[THE INPUT]
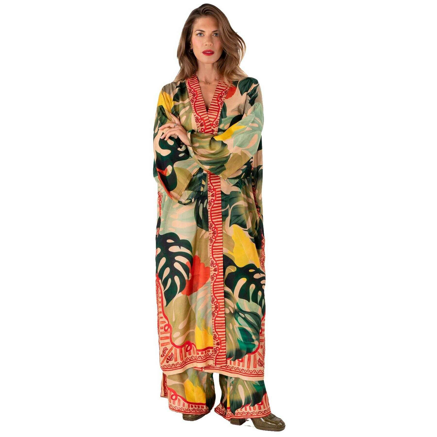 Powder Exotic Leaves Kimono Gown - Green/Beige/Yellow
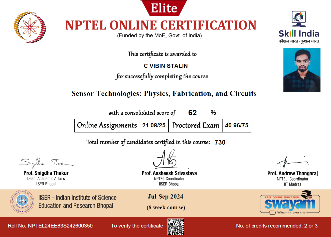 | C.Vibin Stalin | Shanmuga Technologies | Non-Government | 0.6 | 3 months |
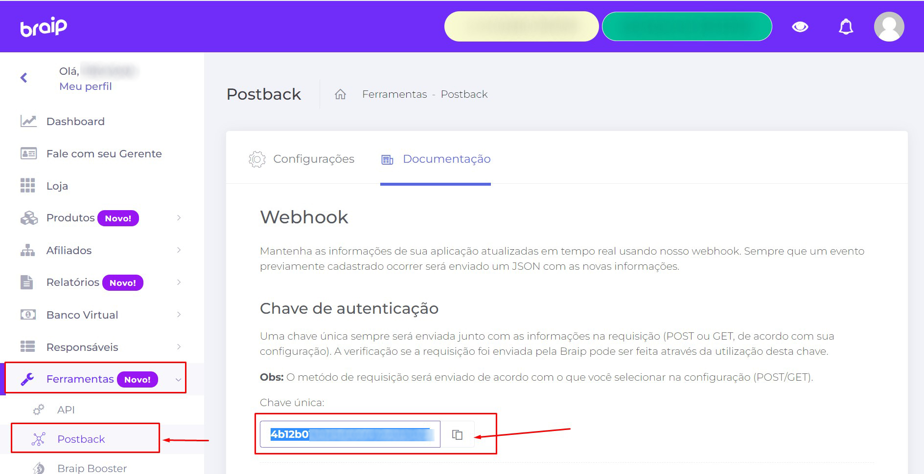 8 – Neste passo a passo vamos localizar a Chave Única. Dentro da plataforma Braip selecione a opção “Ferramentas->Postback”, clique em “Documentação” e copie a “Chave Única”, conforme exemplo abaixo:
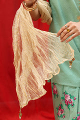 Sheer organza dupatta featuring a softly crinkled texture with subtle metallic linear detailing throughout. Finished with delicate tassel accents, adding lightness and graceful movement to the look.
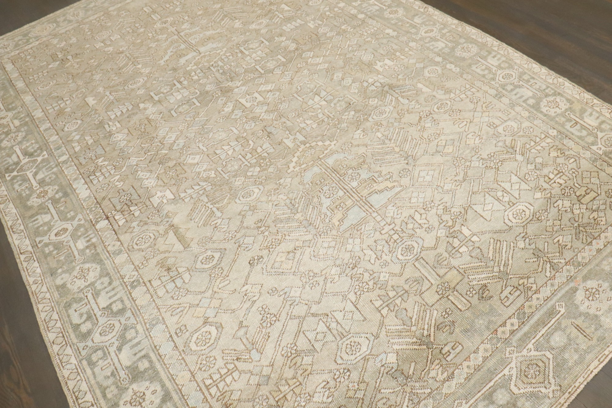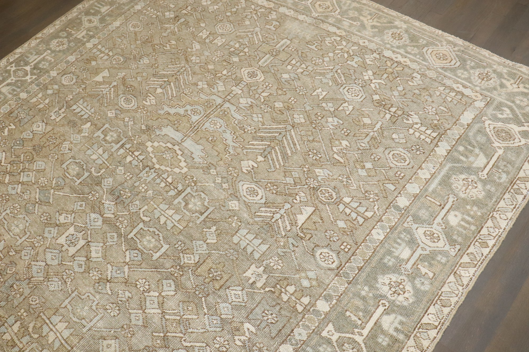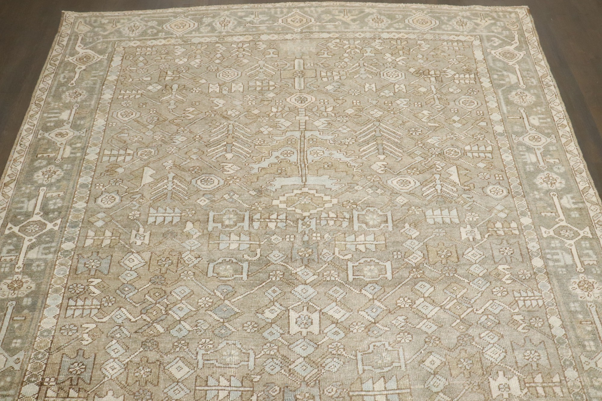 a small room size Persian Heriz Rug in predominantly taupe, accent colors in soft blues and greens

[TASK BRIEF] In your copy of the records above, include every line exactly but no pictures.

[RESPONSE AREA]
 Powder Exotic Leaves Kimono Gown - Green/Beige/Yellow
 | C.Vibin Stalin | Shanmuga Technologies | Non-Government | 0.6 | 3 months |
 8 – Neste passo a passo vamos localizar a Chave Única. Dentro da plataforma Braip selecione a opção “Ferramentas->Postback”, clique em “Documentação” e copie a “Chave Única”, conforme exemplo abaixo:
 Sheer organza dupatta featuring a softly crinkled texture with subtle metallic linear detailing throughout. Finished with delicate tassel accents, adding lightness and graceful movement to the look.
 a small room size Persian Heriz Rug in predominantly taupe, accent colors in soft blues and greens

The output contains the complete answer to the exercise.